Limitations of Existing Benchmarks

While there are existing benchmarks for evaluating large language models (LLMs) in code writing, such as Human Evaluator’s polyglot benchmark and Live Codebench, these only cover a single part of the software development life cycle (SDLC) [01:23:00].

Significant portions of the SDLC remain unbenchmarked by existing work:

Initial Scoping and Planning Requires broad business context, knowledge of existing systems, and exploration of solutions, making it distinct from development [01:40:00].
Code Review Despite the rise of LLM-based tools in this space, code review is largely unbenchmarked [02:04:00].
Deployment A separate task involving configuration, monitoring setup, and integration with existing systems [02:17:00].
Software Maintenance Tasks Including bug fixes, dependency upgrades, and migrations [02:29:00]. This area, while still involving code writing, differs significantly from feature development [02:39:00].

Software maintenance demands the ability to deeply reason through a codebase to identify bugs [02:49:00]. This requires understanding system architecture and its connectedness, often more deeply than when the feature was originally written [03:04:00]. LLM agents often struggle with holistic evaluation, finding only subsets of bugs per run [03:21:00]. Their reasoning can be narrow, exploring a limited number of avenues at a time, leading to missed bugs that humans would immediately detect and confirming bugs that humans would discard [03:27:00]. While patching simple bugs is relatively easy for agents, the overall capability is still in its infancy [03:47:00].

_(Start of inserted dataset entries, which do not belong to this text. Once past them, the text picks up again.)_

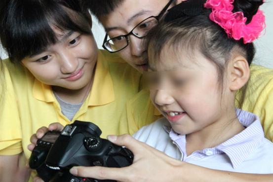 ?? ?“看,这是谁?”“认识吗,这又是谁?”志愿者罗毅半蹲着,指着相机里王硕自己的照片问这个已经八岁大的女孩,王硕只是回头笑了笑,她总是在志愿者拍照时好奇的看着,志愿者王晓悦在问她 “知不知道这是什么”时惊奇的发现她知道这是相机,并想不到平时喜欢画画的她对相机也这么感兴趣。
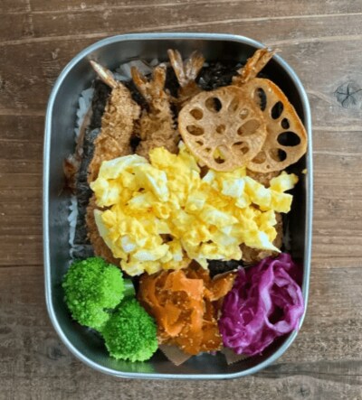 黄金色のタルタルが、お弁当の中央で輝きます。
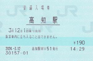 スタンプは無効印代わりの土佐くろしお鉄道車内検札印(宿毛駅は17:00以降無人となるため)
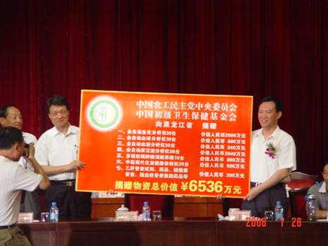 会上,中国初级卫生保健基金会向黑龙江省捐赠了价值6536万元的医疗设备和药品。
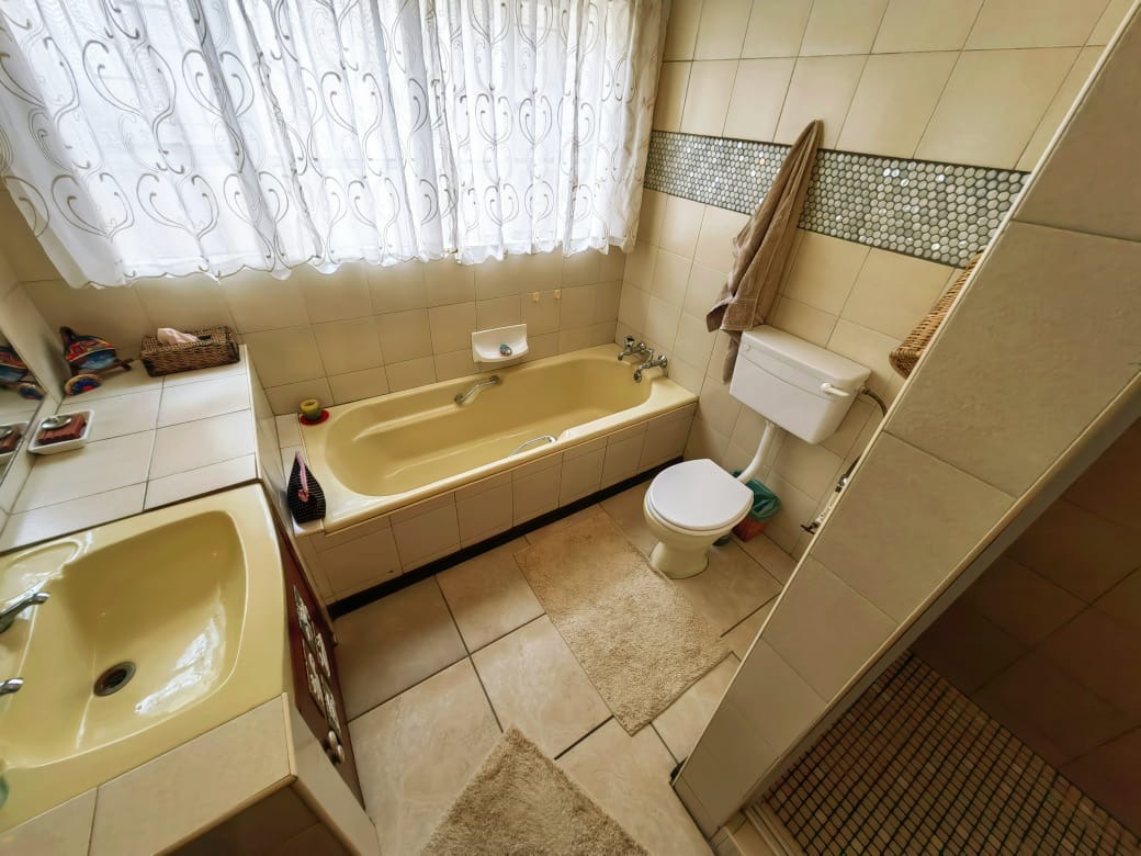 The heart of the home, the kitchen, is a culinary haven equipped with modern appliances, a scullery, and a convenient laundry area. Outside, the spacious yard beckons for outdoor gatherings and play, complemented by a double garage for secure parking and a borehole ensuring constant water supply.
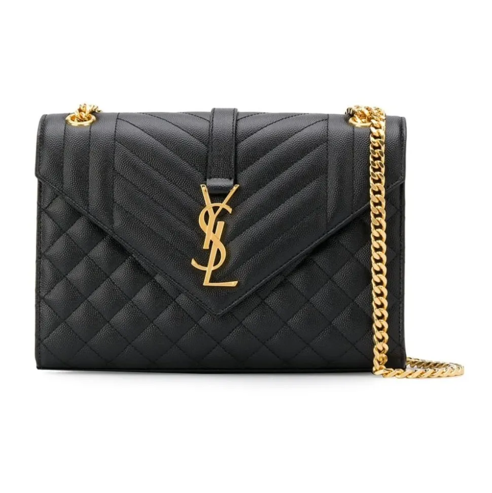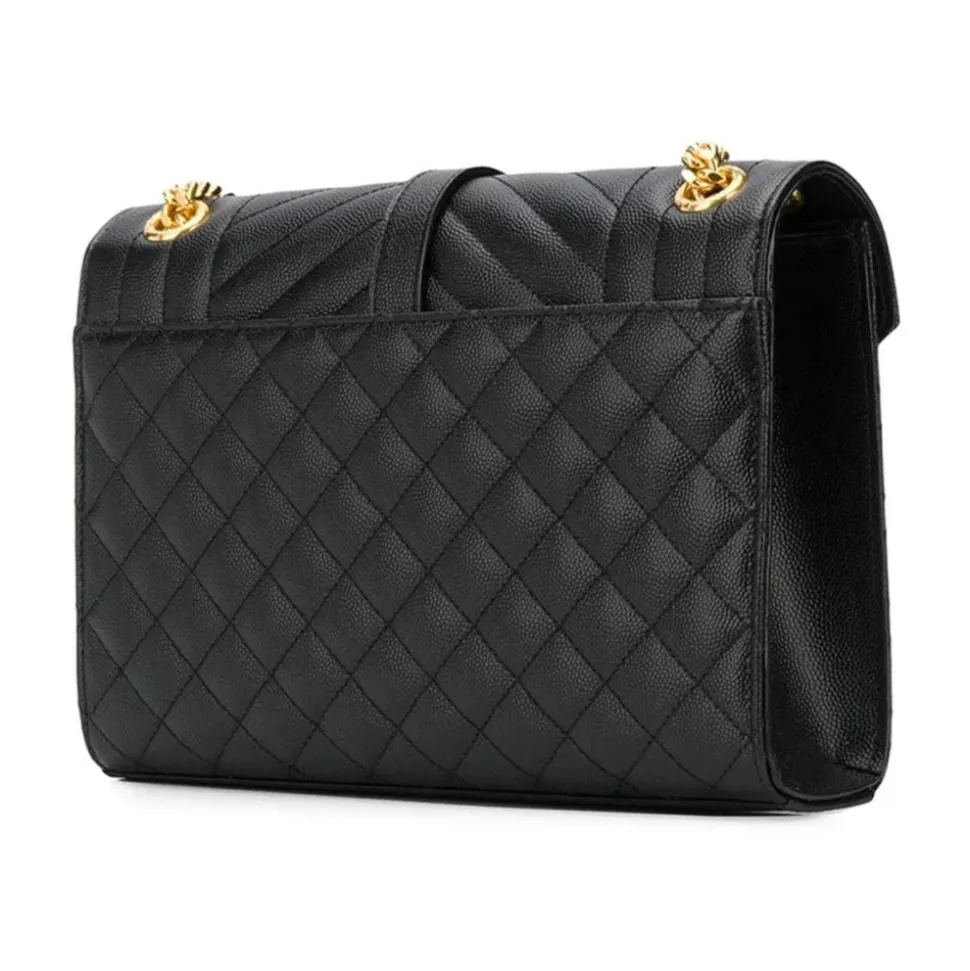 Saint Laurent Envelope Medium Taske er en raffineret skuldertaske, der er skabt til hverdagens elegance. Envelope-silhuetten og den justerbare kæderem gør den til en alsidig mulighed fra dag til aften. Vigtigste egenskaber: Sort | Læder | Justerbar skulderrem i kæde og læder | Magnetisk trykknaplukning | Udvendig baglomme | Indvendig slip lomme | Envelope-silhuet | Quiltet tekstureret læder | Mål og pasform: Bredde: 24 cm | Højde: 17.5 cm | Dybde: 6 cm | Rem: 116 cm | Sammensætning og pleje: 100% Læder
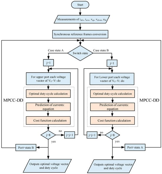 The MPCC of the NSC dual ports is alternated and the duty cycle optimization calculation is added so that the acting voltage vector and zero vector work together to reduce the maximum power point fluctuation. We refer to this type of control as MPCC-DD, and its overall control algorithm is shown in Figure 9.

Existing bug detection benchmarks, often from the software security space, have major limitations for evaluating modern agentic AI systems:

Simplistic Bugs They focus on common, statically detectable patterns like null pointer dereferences or buffer overflows [04:16:00].
Limited Languages Many are Java-only, reflecting historical enterprise software trends [04:29:00].
Security Bias They are biased towards security issues, overlooking other common bug types like copy-paste errors that break software for users [04:46:00].

Bismouth’s SM-100 Benchmark

To address these gaps, Bismouth developed a benchmark over several months to explore the capabilities of software agents in coding tasks beyond normal feature development [01:13:00].

Data Collection and Characteristics

The SM-100 benchmark painstakingly gathered 100 triaged, validated, and classified bugs from over 84 public repositories [05:11:00]. These bugs were real-world issues already remediated in open-source projects [05:18:00]. The goal was to provide a range of issue types, from those requiring minimal domain knowledge to those needing senior staff-level engineering expertise and significant project understanding [05:28:00].

The benchmark is multi-language, focusing on:

Python, TypeScript, JavaScript: Selected for their popularity and supposed better LLM performance [05:40:00].
Go: Chosen as a control to balance performance on a low-level systems engineering language [05:54:00].

Objective Bugs

The SM-100 focuses exclusively on “objective” bugs, meaning explicit security or logical issues that could cause data loss or system crashes [06:05:00]. This approach removes ambiguity and harmless issues, such as a function not checking bounds when the calling code ensures input never exceeds those bounds [06:11:00]. It explicitly excludes:

Feature requests [06:41:00]
Optimizations [06:43:00]
Style formatting [06:43:00]
Design decisions [06:43:00]

This strict definition helps ensure reproducibility across evaluations [06:58:00]. Each bug is annotated with metadata, including severity, context, required system-specific domain knowledge, difficulty to find, and the bug’s implication (data loss, crash, security exploit) [07:01:00]. These classifications help understand which levels of bugs AI agents can regularly find [07:25:00]. While agents might occasionally surprise, like finding a zero-day exploit after 100 runs, the benchmark aims to evaluate their everyday utility [07:32:00].

Evaluation Metrics

For each system benchmarked, four key metrics are extracted:

Needle in the Haystack: Can the system discover the bugs without any prior knowledge of their location? [07:55:00] To avoid biasing agents or making the search too broad for large repositories, Bismouth breaks down repositories into inter-related subsystems (e.g., a front end or specific API point) [09:36:00]. Only files within these subsystems that were modified in the “golden PR commit” (where the bug was introduced) are fed to the LLM, reducing the search space without revealing the bug’s exact location [09:54:00].
False Positive Rate: The rate of irrelevant bugs reported by the agent, manually measured to assess overall effectiveness [08:08:00].
Time of Introduction Detection: Can the system identify the bug at the time it was introduced, given the relevant pull request or commit? This provides an optimistic starting point with immediate context [08:24:00].
Remediation Suggestion: For each discovered bug, can the agent suggest a fix that resolves the issue without introducing new problems or breaking the codebase? [08:51:00]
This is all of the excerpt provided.